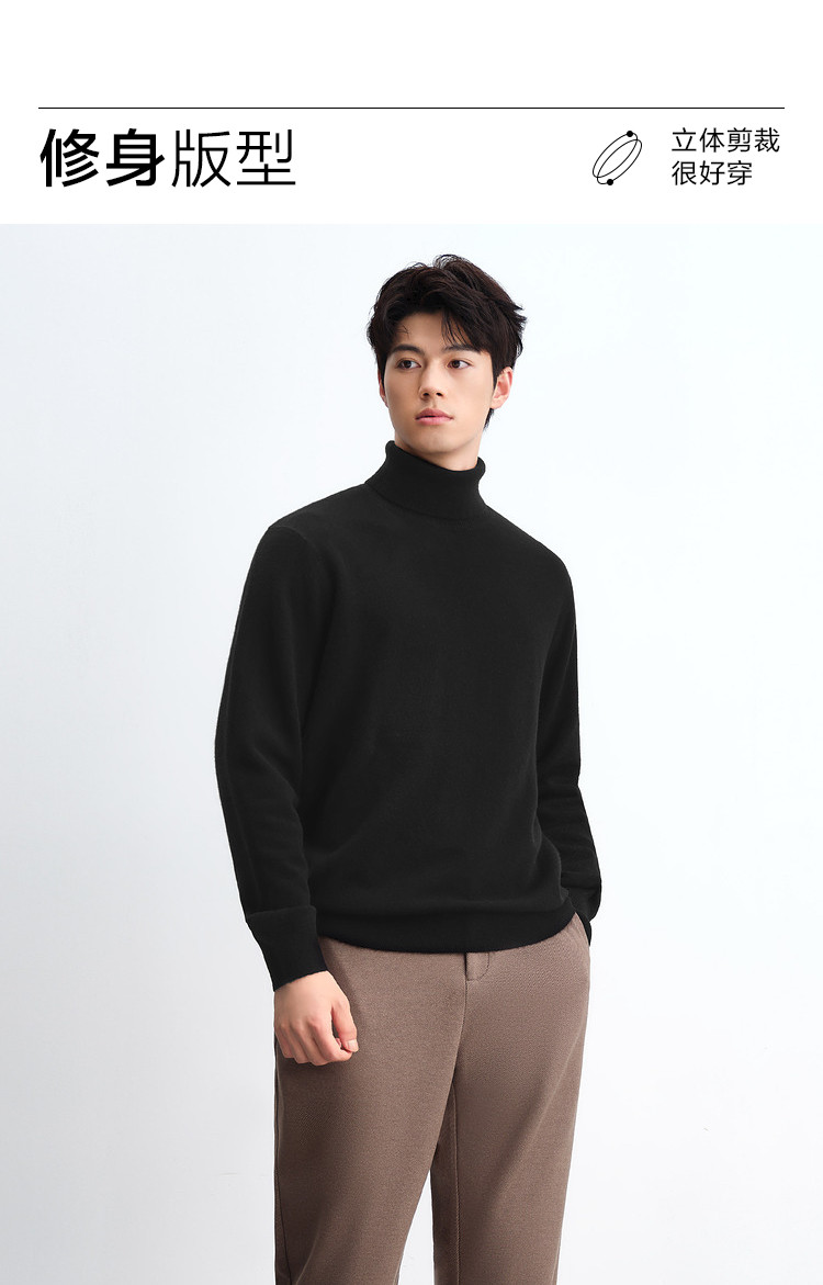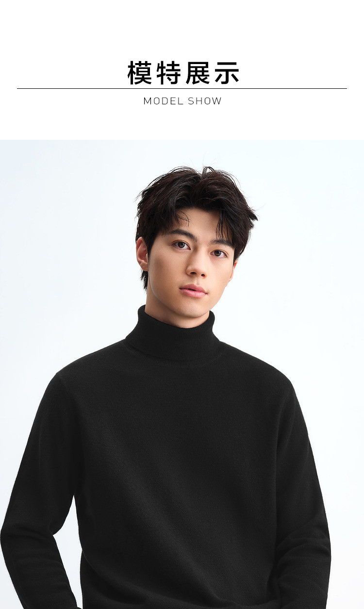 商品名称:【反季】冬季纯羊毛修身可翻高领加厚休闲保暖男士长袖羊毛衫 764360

────────────────────

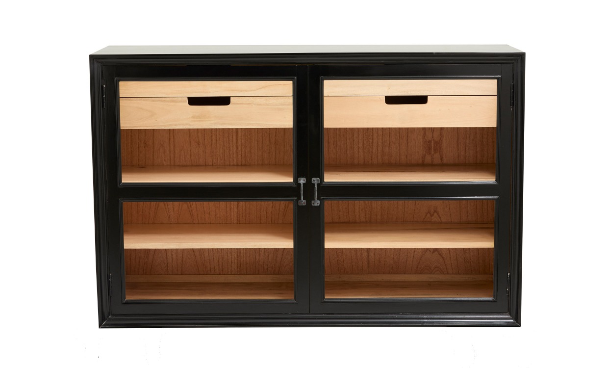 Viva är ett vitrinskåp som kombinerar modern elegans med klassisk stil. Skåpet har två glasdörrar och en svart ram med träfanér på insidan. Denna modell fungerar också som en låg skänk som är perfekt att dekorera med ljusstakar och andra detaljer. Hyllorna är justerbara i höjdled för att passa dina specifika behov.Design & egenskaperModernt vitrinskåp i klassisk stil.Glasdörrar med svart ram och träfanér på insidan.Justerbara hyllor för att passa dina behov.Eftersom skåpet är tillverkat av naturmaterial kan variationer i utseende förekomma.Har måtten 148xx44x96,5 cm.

────────────────────

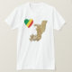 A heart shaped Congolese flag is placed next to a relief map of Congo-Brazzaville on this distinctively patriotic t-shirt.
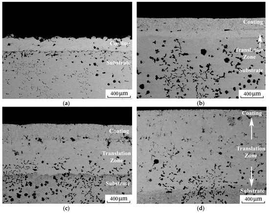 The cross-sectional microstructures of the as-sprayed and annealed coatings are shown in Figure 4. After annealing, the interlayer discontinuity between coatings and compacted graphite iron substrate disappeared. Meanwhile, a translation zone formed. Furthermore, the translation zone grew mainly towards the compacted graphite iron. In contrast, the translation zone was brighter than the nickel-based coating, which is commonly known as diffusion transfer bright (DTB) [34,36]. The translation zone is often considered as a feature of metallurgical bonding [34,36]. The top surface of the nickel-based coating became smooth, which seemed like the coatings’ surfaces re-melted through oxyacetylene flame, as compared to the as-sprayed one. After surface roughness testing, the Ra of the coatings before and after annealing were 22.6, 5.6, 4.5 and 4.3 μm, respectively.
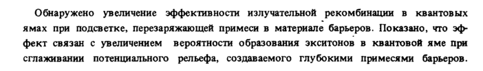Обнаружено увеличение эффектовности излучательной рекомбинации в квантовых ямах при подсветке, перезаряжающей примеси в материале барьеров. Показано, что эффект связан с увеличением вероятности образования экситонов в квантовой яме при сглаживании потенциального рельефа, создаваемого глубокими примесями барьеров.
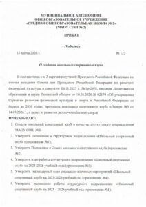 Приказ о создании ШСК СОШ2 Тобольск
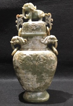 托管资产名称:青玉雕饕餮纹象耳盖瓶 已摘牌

────────────────────

* Exercise instructions *
Among the entries above, copy exactly the stretch from the line holding "A heart shaped" through the line holding "The cross-sectional microstructures", leaving out any pictures.

* Solution to this task *
 A heart shaped Congolese flag is placed next to a relief map of Congo-Brazzaville on this distinctively patriotic t-shirt.
 The cross-sectional microstructures of the as-sprayed and annealed coatings are shown in Figure 4. After annealing, the interlayer discontinuity between coatings and compacted graphite iron substrate disappeared. Meanwhile, a translation zone formed. Furthermore, the translation zone grew mainly towards the compacted graphite iron. In contrast, the translation zone was brighter than the nickel-based coating, which is commonly known as diffusion transfer bright (DTB) [34,36]. The translation zone is often considered as a feature of metallurgical bonding [34,36]. The top surface of the nickel-based coating became smooth, which seemed like the coatings’ surfaces re-melted through oxyacetylene flame, as compared to the as-sprayed one. After surface roughness testing, the Ra of the coatings before and after annealing were 22.6, 5.6, 4.5 and 4.3 μm, respectively.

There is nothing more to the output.